Окно его бывшей комнаты оказалось незапертым, и Снейп, едва не свалив на пол цветочный горшок, тяжело перевалился через подоконник. В пансионе царила тишина. Не дерзнув зажечь лампу, Снейп притворил окно и в свете уличного фонаря двинулся вперед, шатаясь от усталости. Подумать только, влез через окно, как воришка!.. Вглядевшись в полумрак, Снейп обнаружил, что его одежда, вынутая из комода, лежит на полу, сложенная в стопку и обвязанная веревкой. Снейп склонился над связкой.
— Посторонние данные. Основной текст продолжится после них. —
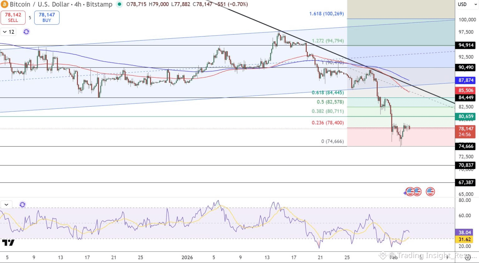 BTC đang kiểm định mức Fibonacci 0.236 tại $78,400. Giữ vững mức này là bắt buộc để tránh test lại $74,666.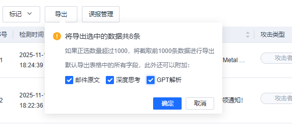 6、点击<导出>按钮可以对当前全部告警或自定义勾选的告警日志进行导出,可自定义是否导出邮件原文、深度思考、GPT解析内容。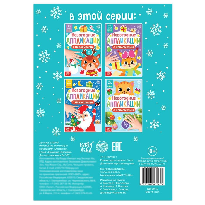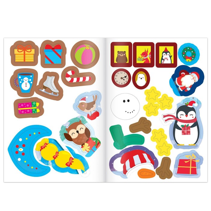 Внутри ждут целых 8 картинок! А готовые аппликации станут чудесным новогодним подарком для близких крохи!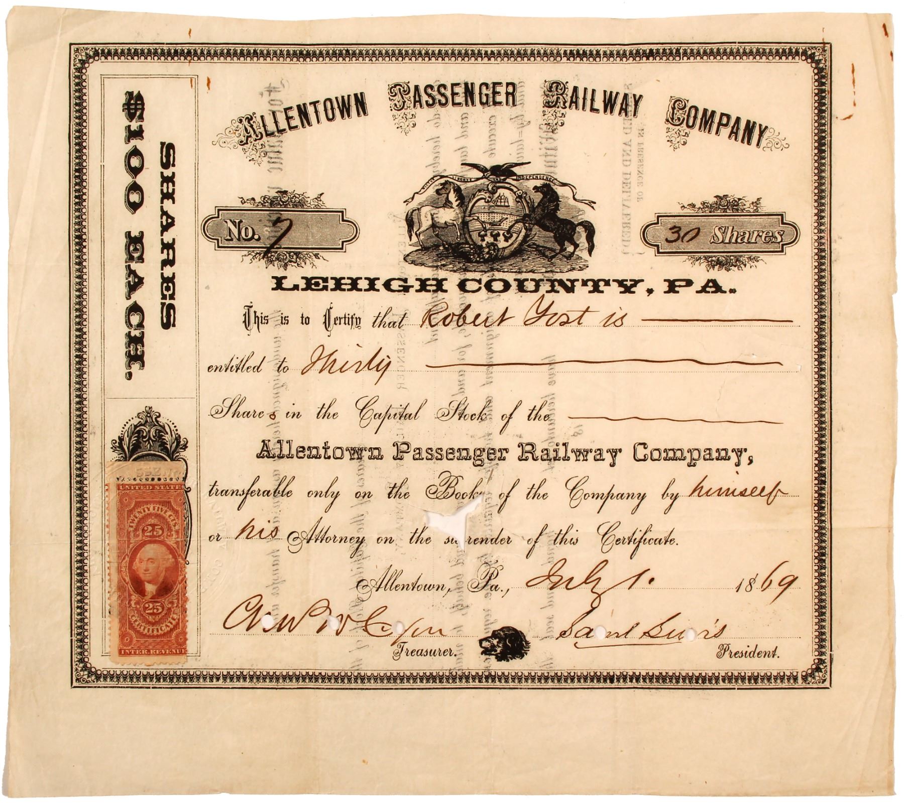 Thirty shares of cancelled Allentown Passenger Railway Company stock number 7, owned by Robert Yost with revenue stamp dated July 1, 1869. The Lehigh Valley Railroad opened its original line between Allentown and Easton, Pennsylvania in 1855. Ken Prag Collection.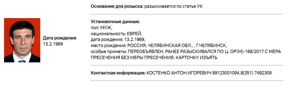 Бывшего челябинского губернатора Юревича переобъявили в розыск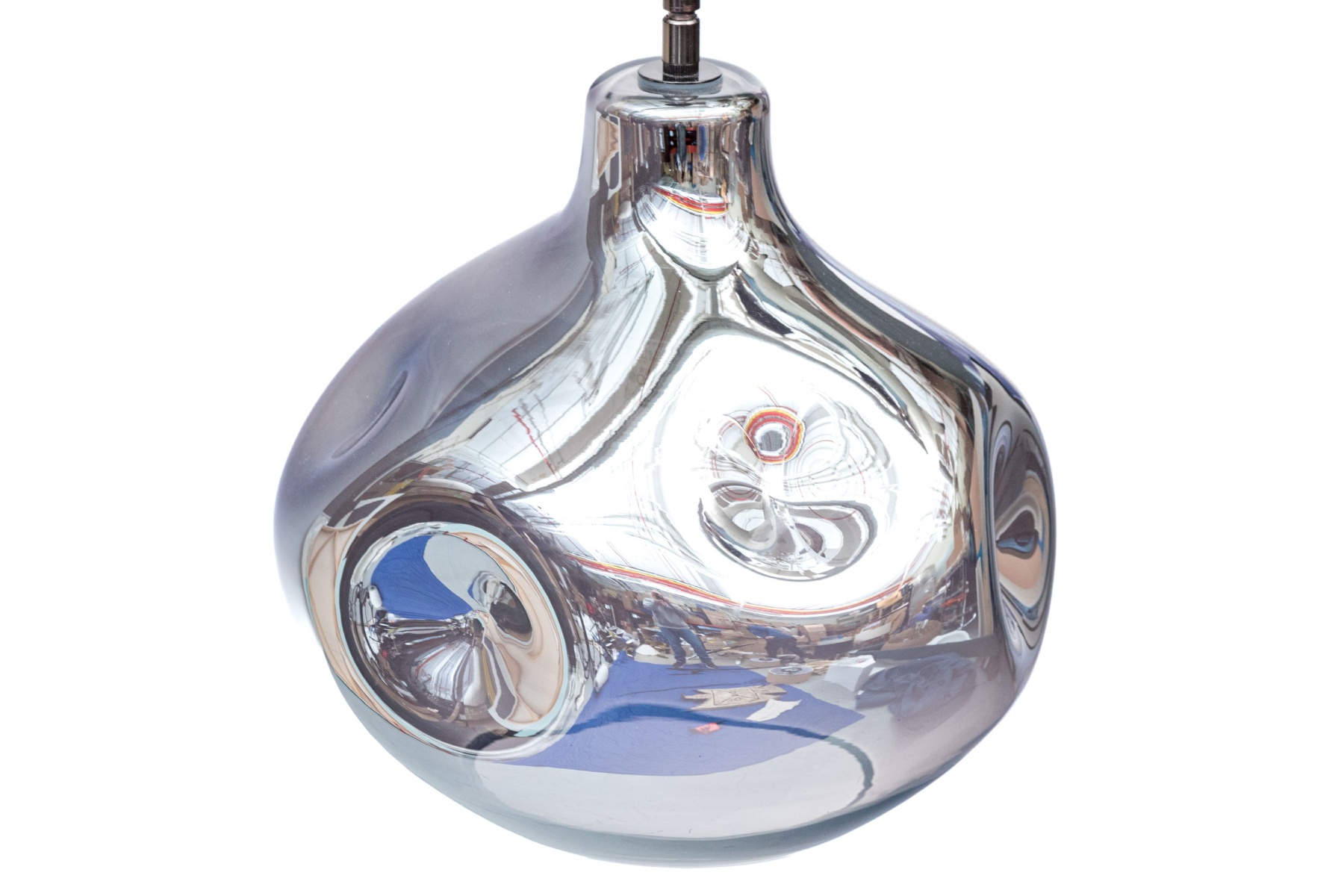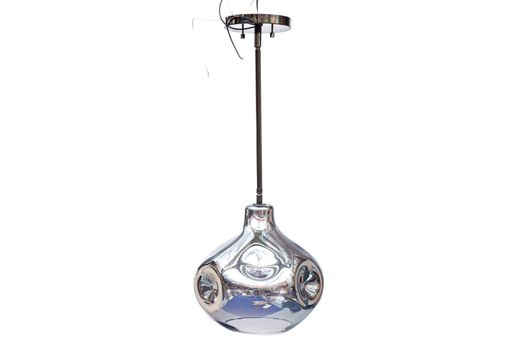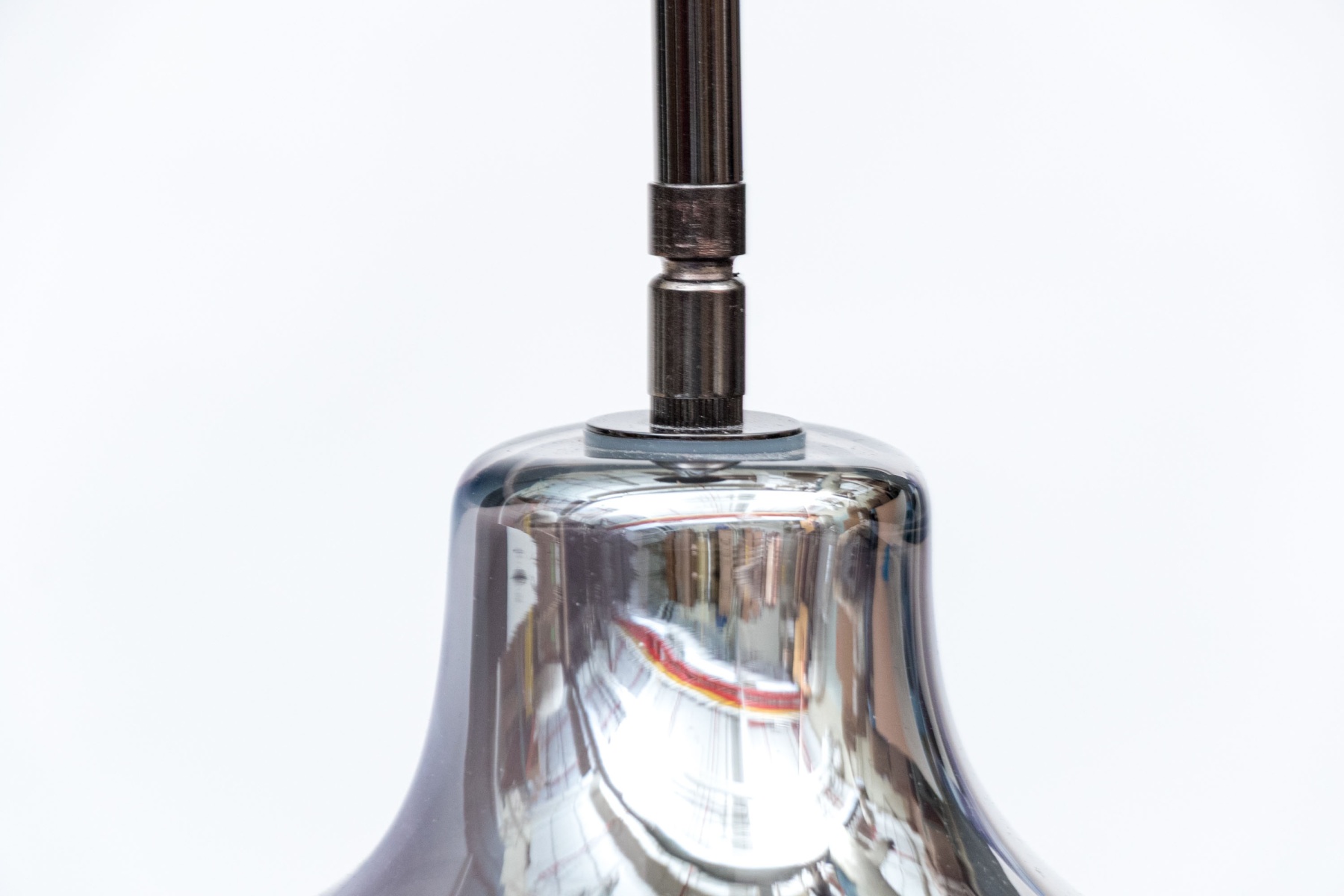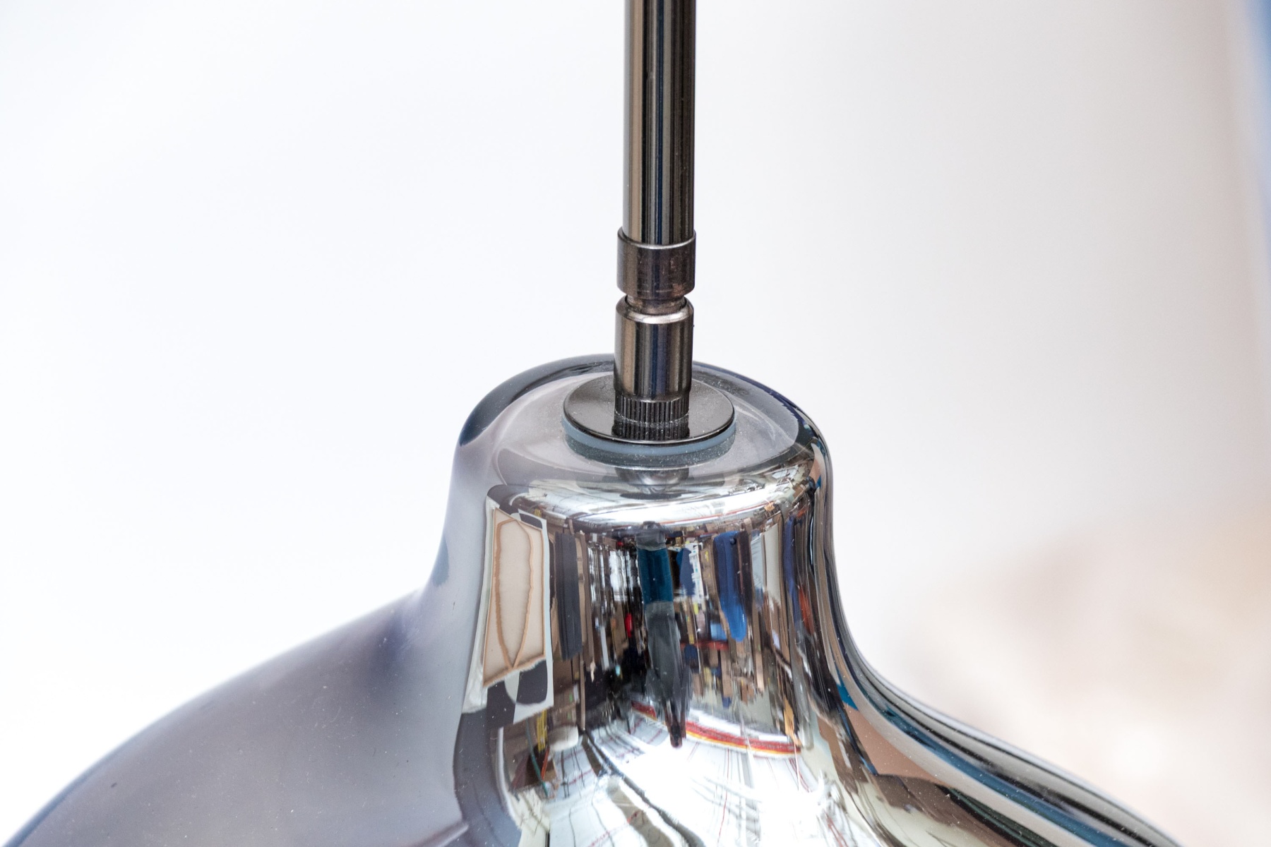 Chrome finished glass shade with one bulb with pole above rising to the cieling flush mount.

Мысль о том, что кто-то чужой прикасался к его вещам, трогал их без его разрешения, покоробила Снейпа — ему подумалось вдруг, что и сама его жизнь теперь захватана чужими равнодушными руками, разобрана, сочтена и отдана старьевщику за гроши.

Его карьера закончилась самым неприятным образом. В конторе, откуда Снейп только что вернулся, не могли не заметить его сюртук с оторванным рукавом, порванный воротничок, помятое после стычки с Джеймсом лицо и вообще весь его непрезентабельный вид — Снейпу даже не предложили сесть. Клерк надменно сообщил ему, что мистер Риддл приказал ничего не платить «джентльмену, запятнавшему репутацию компании»; когда же Снейп попытался возразить, клерк пригрозил ему полисменом, словно какому-то оборванцу, который забрел в контору просить милостыню.

Развязывая веревку, Снейп заметил, что у него дрожат руки. Он приблизил руки к лицу — запачканные, с содранной на костяшках пальцев кожей — и начал разглядывать их, будто видел впервые. Он чувствовал, что его одежда и волосы пропахли домом семейства Уизли, и Снейпу чудилось, что весь он: его тело, его душа, его разум и побуждения — теперь отравлены вонью рыбы, спиртного, нечистот, немытых тел и грязного белья — вонью Ноктюрн-аллеи. Снейп опять потянулся к сложенной на полу одежде; он говорил себе, что, возможно, ему удастся продать что-нибудь из своих вещей и на вырученные деньги вернуться в Уилтшир — пусть в нищету, пусть в никуда, только бы навсегда оставить зловонный, распутный, алчный Лондон, сгубивший его жизнь. В голове Снейпа всё еще звучала баллада, услышанная утром: «И пошли мы на темное дно, на дно, на дно — за русалкой на темное дно!». Он никак не мог от нее избавиться, словно Ноктюрн-аллея, ревниво следившая за своей жертвой даже здесь, в Вест-Энде, тянула к нему свои щупальца, нестройным кабацким пением напоминая, что Снейп всё еще принадлежит ей, что она уже никогда его не отпустит. Снейп перебирал одежду, но песня, слившаяся с болезнью и с невеселыми его мыслями, наплывала гудящим потоком; в глазах Снейпа темнело, он не мог разглядеть, что держит в руках, и начинал заново. Постепенно Снейп перестал понимать, зачем он это делает — просто снова и снова перебирал свои пожитки, завороженный и убаюканный этим однообразием. То усиливаясь, то затихая, накатывая с головной болью и вплетаясь в биение сердца, звучала песня: «…на темное дно, на дно, на дно — за русалкой на темное дно…»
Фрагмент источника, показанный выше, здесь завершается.